Re: [PATCH] udevadm-info: Don't access sysfs 'resource<N>' files
From: Myron Stowe
Date: Tue Mar 19 2013 - 12:58:08 EST
On Mon, 2013-03-18 at 12:59 -0600, Alex Williamson wrote:
> On Mon, 2013-03-18 at 19:25 +0100, BjÃrn Mork wrote:
> > Alex Williamson <alex.williamson@xxxxxxxxxx> wrote:
> > >On Mon, 2013-03-18 at 18:20 +0100, BjÃrn Mork wrote:
> > >> Alex Williamson <alex.williamson@xxxxxxxxxx> writes:
> > >>
> > >> > At least for KVM the kernel fix is the addition of the vfio driver
> > >which
> > >> > gives us a non-sysfs way to do this. If this problem was found a
> > >few
> > >> > years later and we were ready to make the switch I'd support just
> > >> > removing these resource files. In the meantime we have userspace
> > >that
> > >> > depends on this interface, so I'm open to suggestions how to fix
> > >it.
> > >>
> > >> I am puzzled by a couple of things in this discussion:
> > >>
> > >> 1) do you seriously mean that a userspace application (any, not just
> > >> udevadm or qemu or whatever) should be able to read and write
> > >these
> > >> registers while the device is owned by a driver? How is that ever
> > >> going to work?
> > >
> > >The expectation is that the user doesn't mess with the device through
> > >pci-sysfs while it's running. This is really no different than config
> > >space or MMIO space in that respect.
> > But it is. That's the problem. As a user I expect to be able to run
> > e.g "grep . /sys/devices/whatever/*" with no ill effects. This holds
> > for config space or MMIO space. It does not for any reset-on-read
> > register.
> As a non-admin user you can
> > > You can use setpci to break your
> > >PCI card while it's used by the driver today. The difference is that
> > >MMIO spaces side-step the issue by only allowing mmap and config space
> > >is known not to have read side-effects.

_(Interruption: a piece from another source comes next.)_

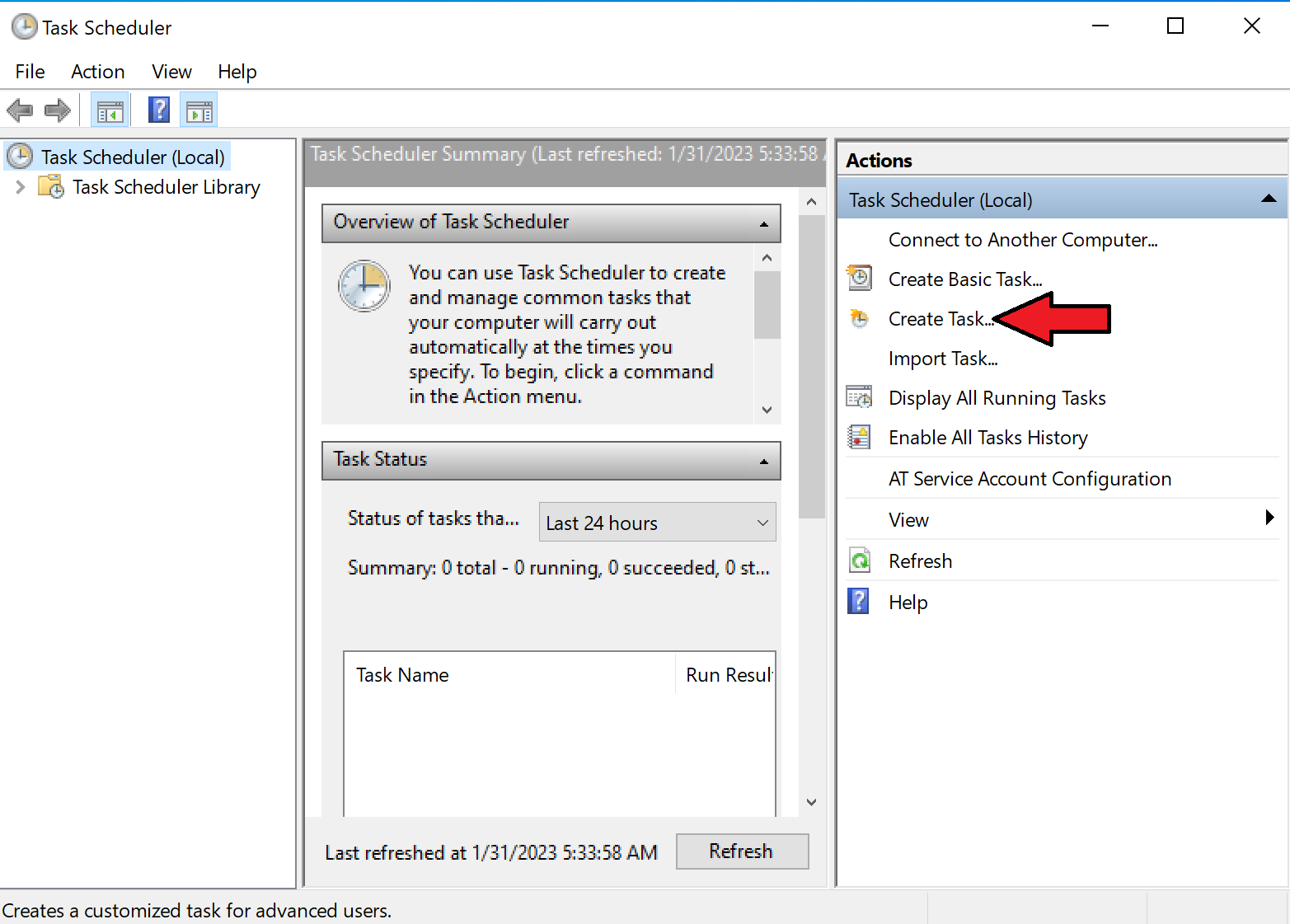 The final part of this lab is to create our own custom rule to detect potentially malicious activity on our VM. In Windows Task scheduler you have the option to create a scheduled task. A scheduled task is essentially a way to automate certain activities on your machine .

> > Yes. And that is why there is no problem exporting those. This
> > difference is fundamental.
> So how do we side-step the problem with I/O port registers? If we
> remove them then KVM needs to run with iopl which is a pretty serious
> security hole should QEMU be exploited. We could activate the resource
> files only when the device is bound to pci-assign, but that only limits
> the scope and might break UIO drivers. We could modify the file to have
> an enable sequence, but we can't do this without breaking current
> userspace. As I mentioned, the VFIO driver is intended to replace KVM's
> use of these files, but we're not ready to rip it out, perhaps not even
> ready to declare it deprecated.
> > >> 2) is it really so that a device can be so fundamentally screwed up
> > >by
> > >> reading some registers, that a later driver probe cannot properly
> > >> reinitialize it?
> > >
> > >Never underestimate how broken hardware can be,
> > True :)
> > > though in this case
> > >reading a device register seems to be causing a system hang/reset.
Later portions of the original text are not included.